§ What you have to do
Without the images, write out all of the following entries exactly.

§ Entries supplied
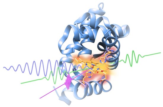 - Ferrante, C.; Pontecorvo, E.; Cerullo, G.; Vos, M.; Scopigno, T. Direct observation of subpicosecond vibrational dynamics in photoexcited myoglobin. Nat. Chem. 2016, 8, 1137. [Google Scholar] [CrossRef] [PubMed]
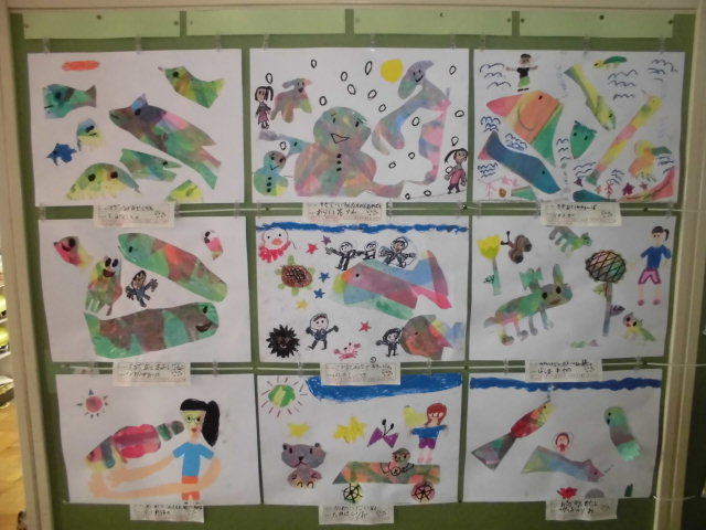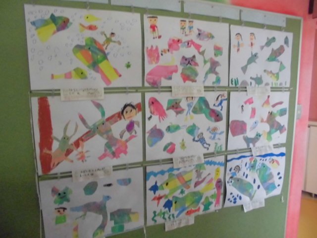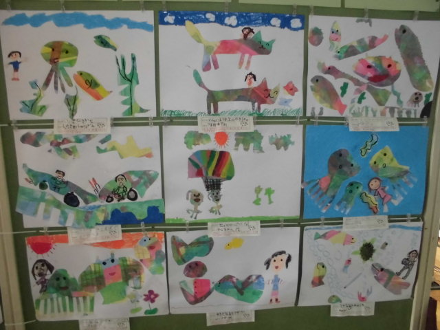 廊下の絵も、こんなにのびのびと上手に仕上げ、
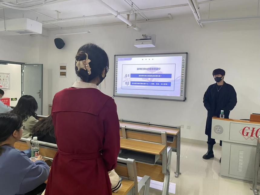 在“自由思辨”环节同学们针对“疫情带给我们的是挑战还是机遇?”和“抗击疫情最重要的是什么?”两个问题分享自己的看法和感想。141211班的心理委员韦嘉瑜同学表示,在疫情之下,有的同学常常受疫情困扰,生活和学习受到挑战。而有的同学能够利用疫情的形势将挑战转化为机遇,虽然出行不便,但他们顺势将更多时间投入到学习和工作中。这一点从学校图书馆常常爆满的情况就能发现。
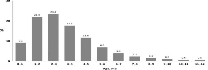 Hình 2: Phân bố tỉ lệ SIDS theo tháng tuổi ở Hoa Kỳ, 2004-2006.
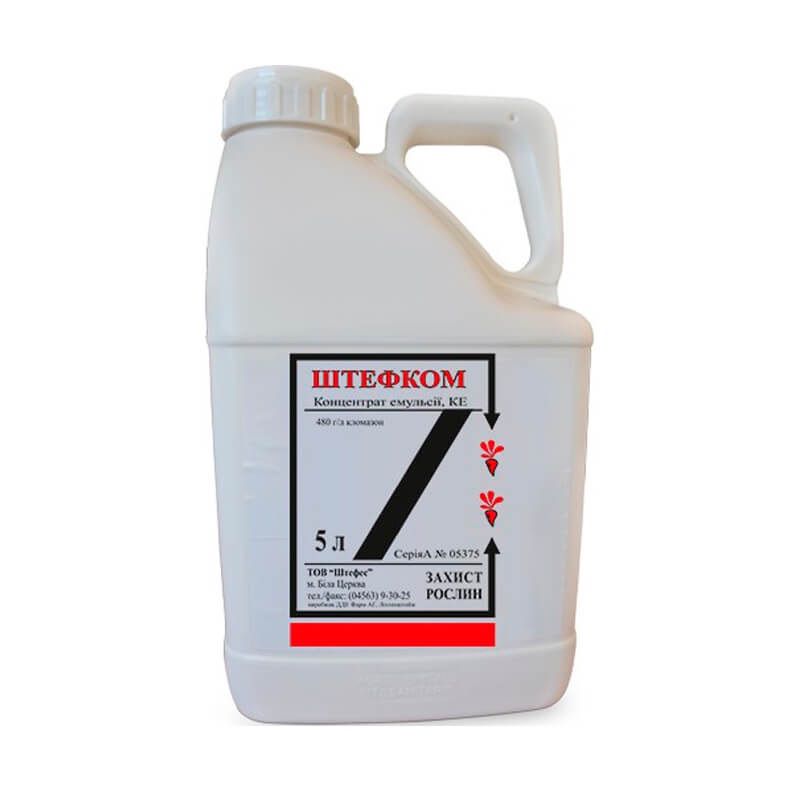 Штефком - гербіцид призначений для боротьби з дводольними та злаковими бур'янами. Застосовується шляхом зрошенням грунту до того як з'явиться сходи культур.
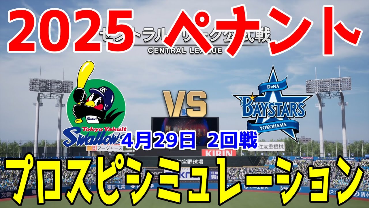 【2025年ペナント/プロスピ2025】東京ヤクルトスワローズ 対 横浜DeNAベイスターズ プロスピシミュレーション 2025年4月29日 2回戦【プロ野球スピリッツ2024-2025】
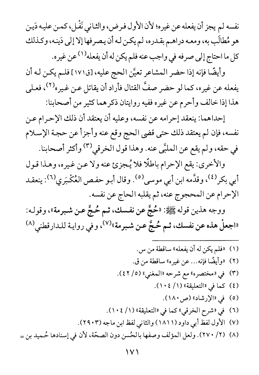 ووجه هذين قوله - صلى الله عليه وسلم -: «حُجَّ عن نفسك، ثم حُجَّ عن شبرمة»، وقوله: «اجعلْ هذه عن نفسك، ثم حُجَّ عن شبرمة» (¬٧)، وفي رواية للدارقطني (¬٨)
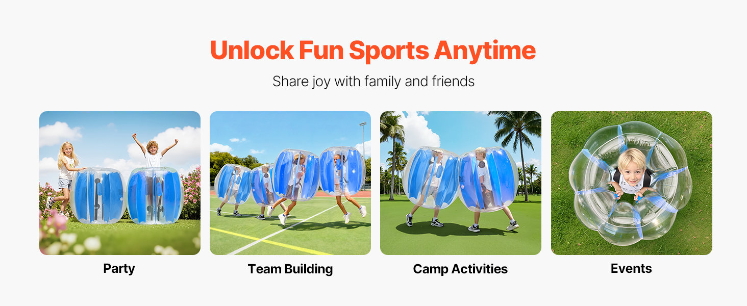Naše telové sumo lopty sú ideálne na zábavu pre jednotlivca alebo viacerých hráčov, vďaka čomu si môžete užívať slobodu pri skákaní, hádzaní, kotúľaní a narážaní. Zabavte sa s rodinou a priateľmi a zároveň si užívajte radosť z fyzickej aktivity.
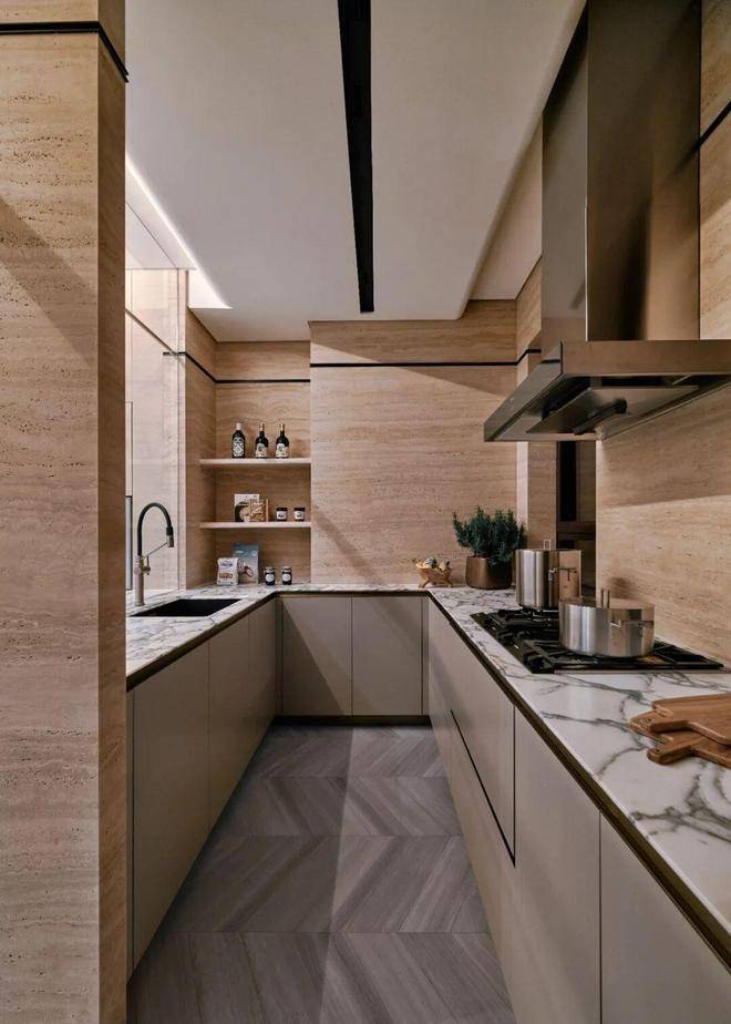 空间中没有冗余的符号,每一个细节都经过精心考量,既满足当代生活需求,又延续了海派文化的精神内核。嘉格纳蒸汽烤箱、真空抽屉组合隐于柜体秩序,与同侧咖啡机呼应。暖木色泽与大理石细腻纹路交织,勾勒出厨间的宁静气韵。

§ Exercise output
 - Ferrante, C.; Pontecorvo, E.; Cerullo, G.; Vos, M.; Scopigno, T. Direct observation of subpicosecond vibrational dynamics in photoexcited myoglobin. Nat. Chem. 2016, 8, 1137. [Google Scholar] [CrossRef] [PubMed]
 廊下の絵も、こんなにのびのびと上手に仕上げ、
 在“自由思辨”环节同学们针对“疫情带给我们的是挑战还是机遇?”和“抗击疫情最重要的是什么?”两个问题分享自己的看法和感想。141211班的心理委员韦嘉瑜同学表示,在疫情之下,有的同学常常受疫情困扰,生活和学习受到挑战。而有的同学能够利用疫情的形势将挑战转化为机遇,虽然出行不便,但他们顺势将更多时间投入到学习和工作中。这一点从学校图书馆常常爆满的情况就能发现。
 Hình 2: Phân bố tỉ lệ SIDS theo tháng tuổi ở Hoa Kỳ, 2004-2006.
 Штефком - гербіцид призначений для боротьби з дводольними та злаковими бур'янами. Застосовується шляхом зрошенням грунту до того як з'явиться сходи культур.
 【2025年ペナント/プロスピ2025】東京ヤクルトスワローズ 対 横浜DeNAベイスターズ プロスピシミュレーション 2025年4月29日 2回戦【プロ野球スピリッツ2024-2025】
 ووجه هذين قوله - صلى الله عليه وسلم -: «حُجَّ عن نفسك، ثم حُجَّ عن شبرمة»، وقوله: «اجعلْ هذه عن نفسك، ثم حُجَّ عن شبرمة» (¬٧)، وفي رواية للدارقطني (¬٨)
Naše telové sumo lopty sú ideálne na zábavu pre jednotlivca alebo viacerých hráčov, vďaka čomu si môžete užívať slobodu pri skákaní, hádzaní, kotúľaní a narážaní. Zabavte sa s rodinou a priateľmi a zároveň si užívajte radosť z fyzickej aktivity.
 空间中没有冗余的符号,每一个细节都经过精心考量,既满足当代生活需求,又延续了海派文化的精神内核。嘉格纳蒸汽烤箱、真空抽屉组合隐于柜体秩序,与同侧咖啡机呼应。暖木色泽与大理石细腻纹路交织,勾勒出厨间的宁静气韵。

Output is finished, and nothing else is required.